We know that productivity (marginal product -> income) is strongly correlated with IQ, and a host of other positive things are as well.

Now, to take a break, let me pause and say that I completely agree with the purely economic (as opposed to political economy) analysis that you presented –
immigrants are mostly a net gain.

However, we are concerned not simply with wealth, but the ability to keep increasing wealth – in other words, THE SYSTEM.

So, how does the influx of diverse out-groups affect THE SYSTEM in regards to regulation, whether in terms of affirmative action payoffs, further reduction in
private property rights (to discriminate), reduction in trust perhaps leading to further social regulation (nanny statism, NIMBYism), and predictability in
enforcement of even bad rules?

I say all these things trend towards the negative when you reduce the percentage of American of European ancestry and increase the percentage of Mexicans.
So imagine a simple bell curve – wealth gains carry on with immigration – and then the economics is overwhelmed by the politics and wealth drops off due to
institutional corruption, ethnic hostility, increase in security infrastructure (check out South Africa), increase in the risk and insurance premia, which negatively affect investment which, by your own compounding rule matter IMMENSELY.

I don’t know how you can be so glib in completely ignoring this META programming of the SYSTEM to a _possible_ state detrimental to further wealth gains far into the future.
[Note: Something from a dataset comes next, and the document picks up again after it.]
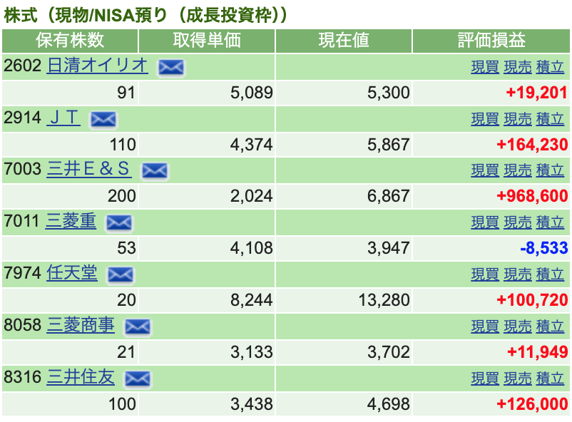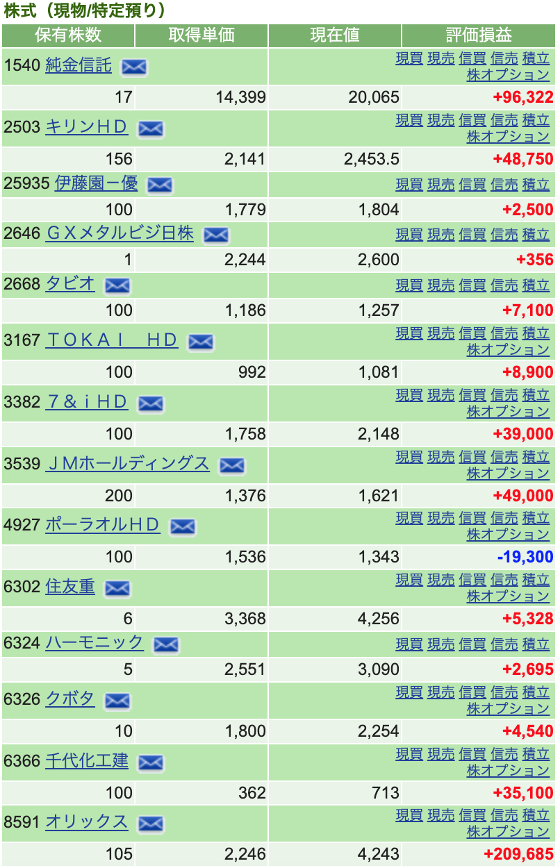 手持ちは日本株メインで、アメリカ株と投資信託が少しって感じの内容です。
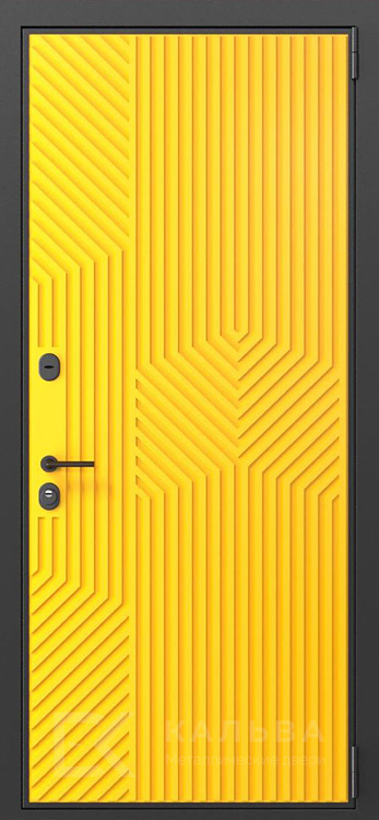 Фото «Входная дверь жёлтая рельефная геометрия внутри белая панель №201»

I understand that you may be frustrated with and discount the viewpoints of immigration opponents who can’t seem to get their heads around Ricardian

comparative advantage and the empirical data on immigrants’ assistance to “the economy.”
However, the more sophisticated argument is meta. Now, of course you can wave your hands and say well, these things aren’t an issue if we don’t give immigrants the vote, and take away welfare. Sure, but this is massive, massive fraud. Why? Well, cause you are discounting actual asymptotic harm to Americans by promising some silly CAMPAIGN to weed out things which are around 130 years old – welfare, voting rights being harder to remove with Egalitarian morality as currently fashionable.

Here’s another issue – the current dispensation is not derived from an analysis like yours – its derived from a combination of
regular, commercial self-interest AND naked, cynical exploitation
of pure numbers to re-inforce a certain political coalition as the
expense of other coalitions. In simple words, Democrats did 1965
to execute exactly the situation RSF and I are warning about.

And another one – what possible chance is there to keep a no-voting rights
rule enforced (even if this was somehow achieved), when the market for
votes-not-granted keeps getting larger?

In short, you MUST solve for these possbilities. You can’t hand-wave it away.
That would be as misguided and criminal as enforcing regulations that reduce
the compound growth rate by 1% every year.

5 thoughts on “Reply to Aretae on Immigration

  1. Excellent points about the long term political consequences of immigration affecting economics.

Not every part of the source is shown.